Cette mère de trois enfants qui a toujours donné une importance particulière à la famille fera une troisième rencontre importante avec Dino Risi pour Dernier amour en 1978. Puis on la verra chez Francesco Rosi en 1987 dans Chronique d’une mort annoncée le film de Francesco Rosi qui fit couler beaucoup d’encre suite au titre de Libération Chronique d’une merde annoncée, avant de connaître une nouvelle carrière en France dans les années 90. Tout récemment elle a participé au film de Woody Allen To Rome With Love.
Traversant la cinématographie italienne, Ornella Muti a toujours passé avec aisance du film populaire au cinéma d’auteur, du rire aux larmes. "Je n’aime pas me limiter à un genre. Par exemple, avant de me coucher, j’ai envie de voir une comédie qui me fait rire. Par ailleurs je trouve qu’une comédie peut aussi faire passer un message. Elle dit se sentir bien dans tous ses personnages. .. "Ce que j’aime c’est jouer".

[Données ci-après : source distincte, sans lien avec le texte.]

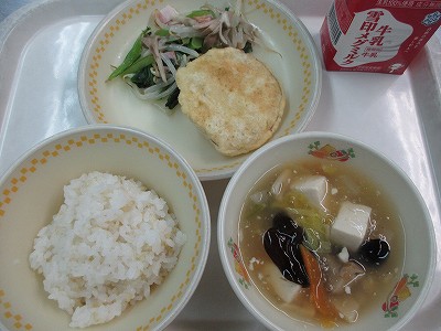 小松菜、まいたけ、もやし、ベーコンの炒め物です。小松菜は、骨や歯の材料になる「カルシウム」が豊富な野菜です。貧血予防に効果のある鉄も含まれています。特にカルシウムは、小松菜と形の似たほうれん草よりも多く含まれています。炒め時間が少なく済むように、下茹でをしてから調理しました。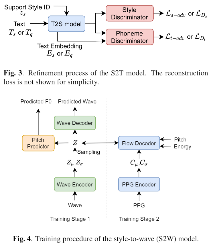 本文采用一种新的预训练-细化方法,仅使用易于得到的低质量数据来学习鲁棒的 T2S 模型。S2W 模型使用高质量的目标数据进行训练,用于有效聚合风格描述子并用目标说话人的音色生成高保真语音。实验结果表明,Referee 在 CSST 中优于基于GST的基线方法。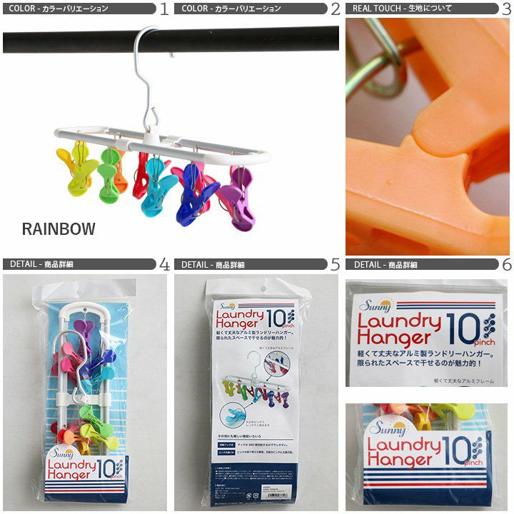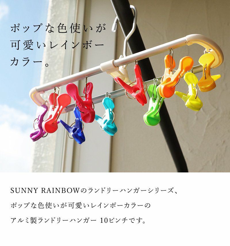 他の画像を見る 部屋干しの際にも部屋が明るくなる気がします。 SUNNY RAINBOW ランドリーハンガー 10ピンチ 洗濯ばさみ 10個 ハンガー ポップ アルミ製 レインボーカラー コンパクトサイズ 部屋干し 旅行用 一人暮らし カラフル 2~3日でお届け 販売価格 ¥ 1,100 税込 在庫切れ カートに入れる お気に入りに登録する

La magnifique n’a évidemment pas échappé à la question sur le secret de son look. "Des sacrifices, un régime strict, beaucoup de sport et de la méditation". Comme quoi cela ne suffit pas d’être mariée à un chirurgien esthétique…

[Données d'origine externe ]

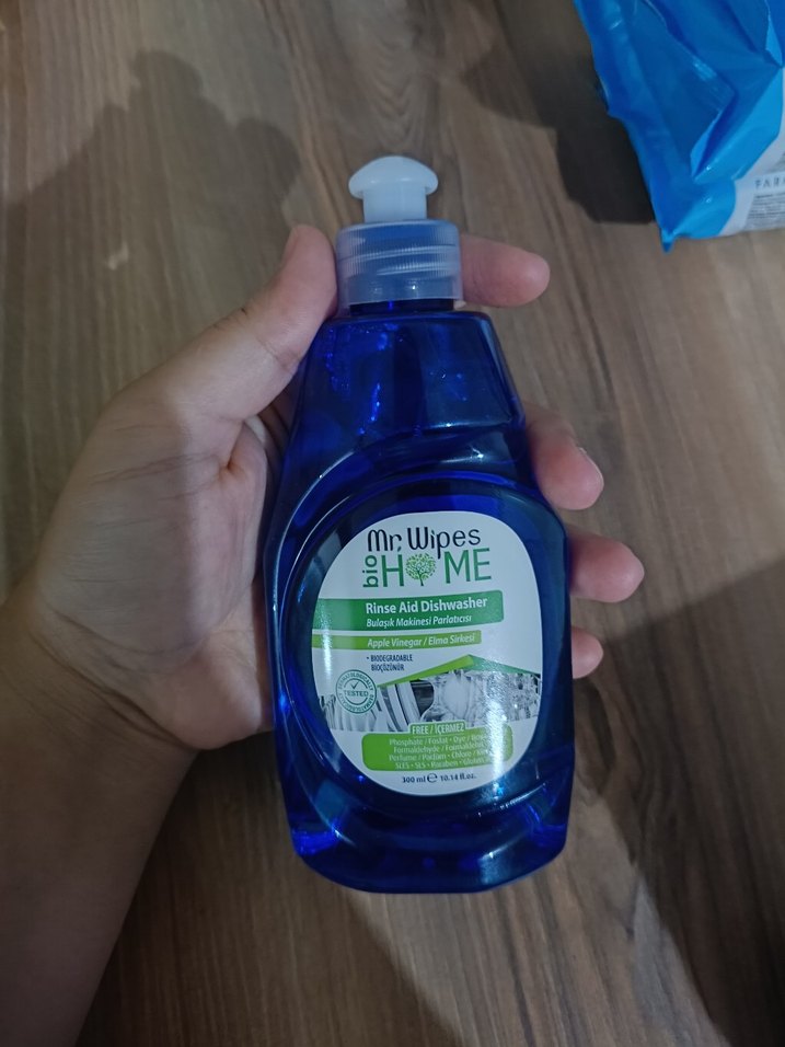 Mr Wipes Home bulaşık makinesi parlatıcısı, kurutma ve parlaklık sağlar. Elma kokulu, 300 ml mavi şişede.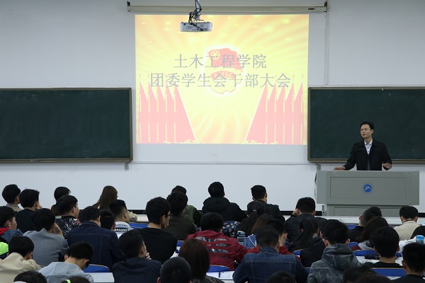 会议开始后,院学工办主任虢利钢就新学期工作向大家提出了五个着重需要提高的能力:交际能力、分析判断能力、决策能力、组织能力、创新能力。他结合实际对如何提高个人素质,如何提高情商等问题给学生干部们提供了许多宝贵建议。随后,学生会主席赵永正对上学期的工作进行了总结。他指出团委学生会部分成员成绩较差,个别有违纪情况,工作时奉献精神还不够等问题。同时,他也就上学期存在的问题提出了相应的建议。他指出:学生干部应以身作则规范自身行为,积极搞好成绩提高自身素质,明确自己的职责,树立牢固的服务意识。之后,常务第二副书记胡晴发表讲话并与现场的人员进行了互动。她通过自身经历和体会鼓励在场的学生干部要学会改变自己,始终保持自信,勇于尝试,不断努力。最后上台讲话的是团委第一副书记邓婉珍。她对大家愈加成熟的变化表示欣慰,并向在座的学生干部们分享了一句话:只此一生,何必从众。她期望学生干部们能够更加出色,活出自我。大会最终在一片掌声中圆满结束。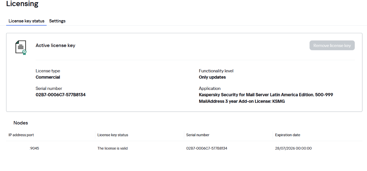 I'm migrating from KLMS to KSMG. I've installed two KSMG 2.11 virtual appliances in a test scenario, (aren't connected yet to our corporate LAN nor Internet) and added the license key (valid untill July 2026) in one of them. The license is recognize as commercial and valid, but the functional level exhibed in the status is "Only for updates" and all protection's modules (AV, AS, AP,etc)are restricted and its configurations disabled. We tried license in the other one with the same result. What's wrong?? Any help, please.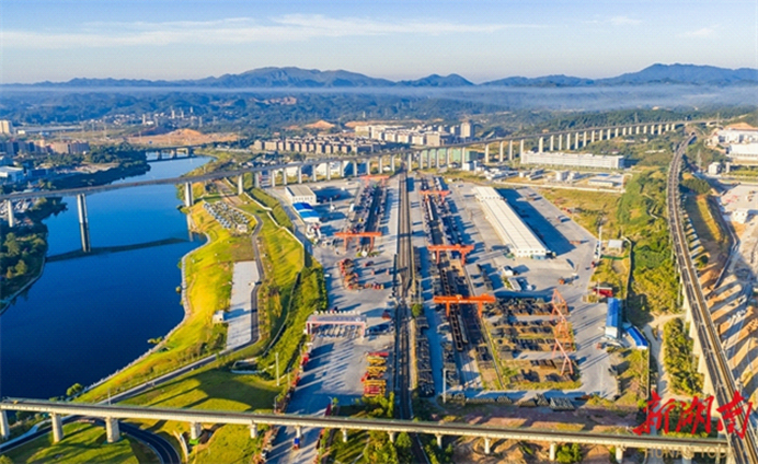 The aerial photo, taken on October 7, shows the hustle and bustle scene of a cargo yard at the Huaihua International Land Port. Huaihua is a member of the "13+2" inter-provincial coordination and cooperation mechanism for the New International Land-Sea Trade Corridor in the western region and Hunan's sole freight hub connecting to ASEAN. The Huaihua International Land Port has established seven major international logistics channels, including the Beibu Gulf rail-sea intermodal transport and routes to Laos and Vietnam. (Photo/Tian Wenguo)
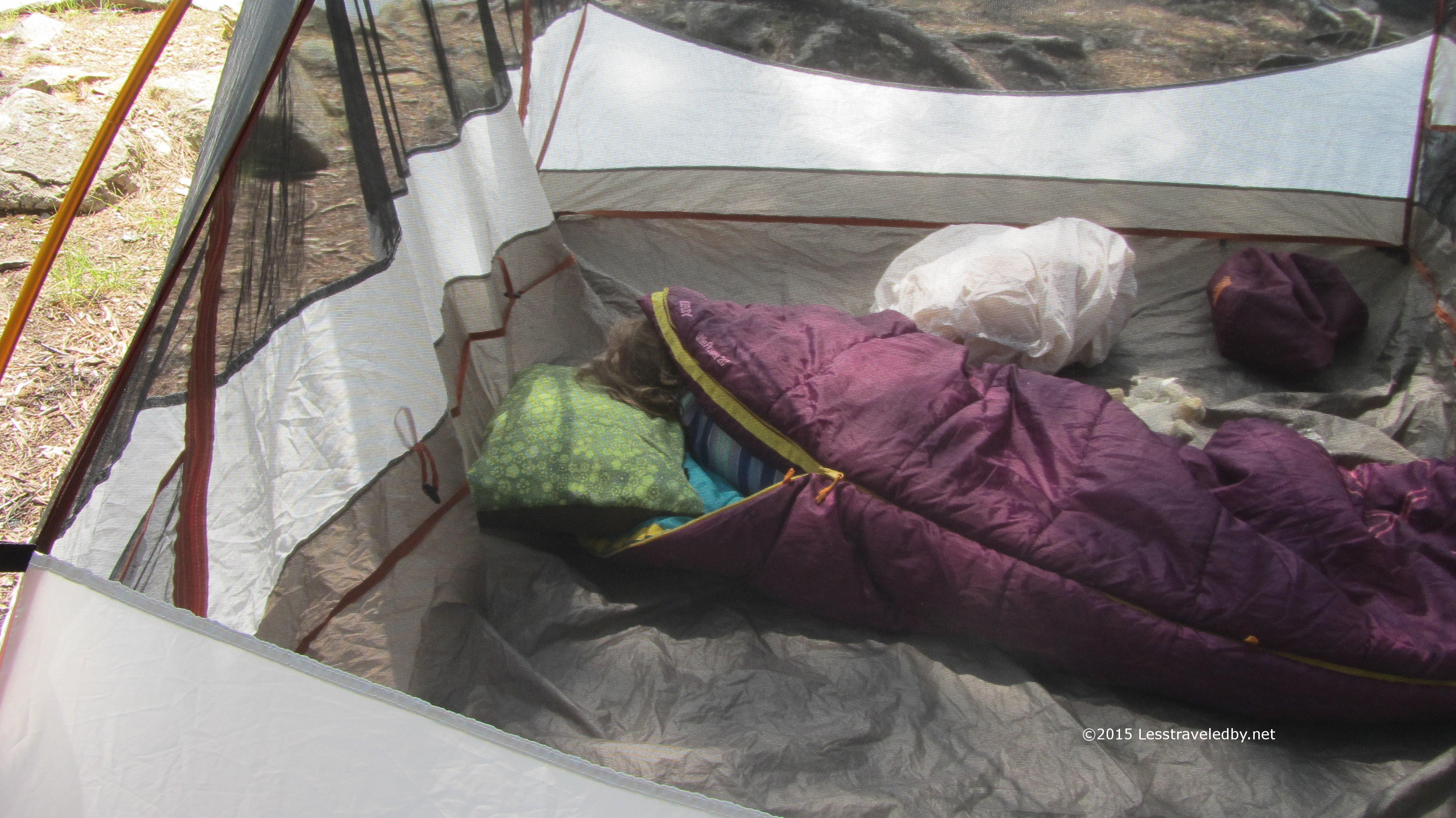 IMG_4746aThe roof was on the tent just in case, but furled to preserve the view. The Trail Ridge 3 is hard to fit between the roots at this site, but sleeping next to the pond is always restful.

Valeria Bruni-Tedeschi dans un fauteuil roulant
Avant Ornella Muti, c’est le réalisateur transalpin Edoardo Gabbriellini qui avait, sans surprise, rameuté les troupes à la conférence de presse pour son film Padroni di casa. D’autant que l’opus réunit notamment Elio Germano, prix d’interprétation à Cannes il y a deux ans, Valeria Bruni-Tedeschi et le célèbre chanteur des années 70, Gianni Morandi.
Dans cette variation laborieuse sur le thème de l’homme est un loup pour l’homme, le cinéaste se livre à une réflexion sur la violence, la fragilité qui la sous-tend et la façon dont elle peut peut se déclencher facilement. Un film qui pourrait se dérouler partout mais dontl'intrigue se passe en l’occurrence dans un petit village. Les êtres humains sont vus comme des animaux sociaux, dans une nature qui semble observer de menus événements virant à la tragédie.
Valeria Bruni-Tedeschi joue la femme d’un chanteur retiré depuis dix ans dans les lieux, devenu cynique et désespéré. Clouée dans un fauteuil roulant à la suite d’un ictus, elle subit sa méchanceté. Ce n’est pas le genre de rôle qu’affectionne la comédienne.
"J’ai rencontré Edoardo qui m’a parlé de ce personnage particulier. J’étais à la fois attirée et hésitante. Je n’aime pas trop les numéros de virtuosités, mais plutôt être moi-même en tant qu’actrice. Mais j’ai accepté après avoir rencontré une personne victime de cette maladie il y a 15 ans. J’ai parlé avec elle de sa solitude, de cette prison où elle se trouve sur le plan de la communication. Cela ne m’a pas seulement émue, mais je me suis demandée comment on pouvait vivre de cette manière pendant autant de temps".